▸ **RECORDS TO USE**
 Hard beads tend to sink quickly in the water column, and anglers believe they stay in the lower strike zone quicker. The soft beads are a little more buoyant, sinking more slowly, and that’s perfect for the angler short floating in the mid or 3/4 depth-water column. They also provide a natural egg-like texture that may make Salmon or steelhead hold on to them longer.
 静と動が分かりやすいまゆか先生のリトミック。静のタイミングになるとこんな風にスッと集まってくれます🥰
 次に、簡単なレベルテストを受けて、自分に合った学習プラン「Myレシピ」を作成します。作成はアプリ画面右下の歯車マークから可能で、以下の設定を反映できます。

* * *

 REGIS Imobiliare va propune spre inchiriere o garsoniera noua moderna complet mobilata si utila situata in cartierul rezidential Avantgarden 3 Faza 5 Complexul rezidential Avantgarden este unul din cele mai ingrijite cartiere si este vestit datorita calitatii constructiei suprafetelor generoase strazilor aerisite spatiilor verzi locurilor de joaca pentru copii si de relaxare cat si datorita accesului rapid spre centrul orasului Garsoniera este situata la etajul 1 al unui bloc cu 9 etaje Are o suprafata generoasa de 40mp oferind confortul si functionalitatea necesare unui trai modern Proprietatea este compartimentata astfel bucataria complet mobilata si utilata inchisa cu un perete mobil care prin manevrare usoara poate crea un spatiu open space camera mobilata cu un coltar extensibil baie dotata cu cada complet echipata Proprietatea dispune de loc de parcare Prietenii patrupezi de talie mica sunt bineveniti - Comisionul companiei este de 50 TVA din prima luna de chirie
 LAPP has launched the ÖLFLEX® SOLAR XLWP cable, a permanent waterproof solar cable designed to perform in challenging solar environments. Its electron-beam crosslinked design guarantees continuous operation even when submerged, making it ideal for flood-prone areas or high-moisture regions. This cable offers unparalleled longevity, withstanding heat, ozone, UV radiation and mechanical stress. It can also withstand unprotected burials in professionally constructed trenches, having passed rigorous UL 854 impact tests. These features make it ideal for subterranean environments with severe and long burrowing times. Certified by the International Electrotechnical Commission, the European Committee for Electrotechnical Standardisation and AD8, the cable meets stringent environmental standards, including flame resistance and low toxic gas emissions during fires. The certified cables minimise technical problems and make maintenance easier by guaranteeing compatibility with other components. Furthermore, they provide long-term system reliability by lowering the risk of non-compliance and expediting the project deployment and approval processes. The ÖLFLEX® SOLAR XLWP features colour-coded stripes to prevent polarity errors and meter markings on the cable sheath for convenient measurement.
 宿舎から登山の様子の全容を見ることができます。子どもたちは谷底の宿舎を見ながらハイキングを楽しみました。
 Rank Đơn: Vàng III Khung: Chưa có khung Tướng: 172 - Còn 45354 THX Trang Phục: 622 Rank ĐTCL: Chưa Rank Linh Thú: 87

▸ **YOUR OBJECTIVE**
Output the lines of the records above exactly as they appear, from the line containing "Hard beads tend" through the line containing "次に、簡単なレベルテストを受".

▸ **WRITTEN SOLUTION**
 Hard beads tend to sink quickly in the water column, and anglers believe they stay in the lower strike zone quicker. The soft beads are a little more buoyant, sinking more slowly, and that’s perfect for the angler short floating in the mid or 3/4 depth-water column. They also provide a natural egg-like texture that may make Salmon or steelhead hold on to them longer.
 静と動が分かりやすいまゆか先生のリトミック。静のタイミングになるとこんな風にスッと集まってくれます🥰
 次に、簡単なレベルテストを受けて、自分に合った学習プラン「Myレシピ」を作成します。作成はアプリ画面右下の歯車マークから可能で、以下の設定を反映できます。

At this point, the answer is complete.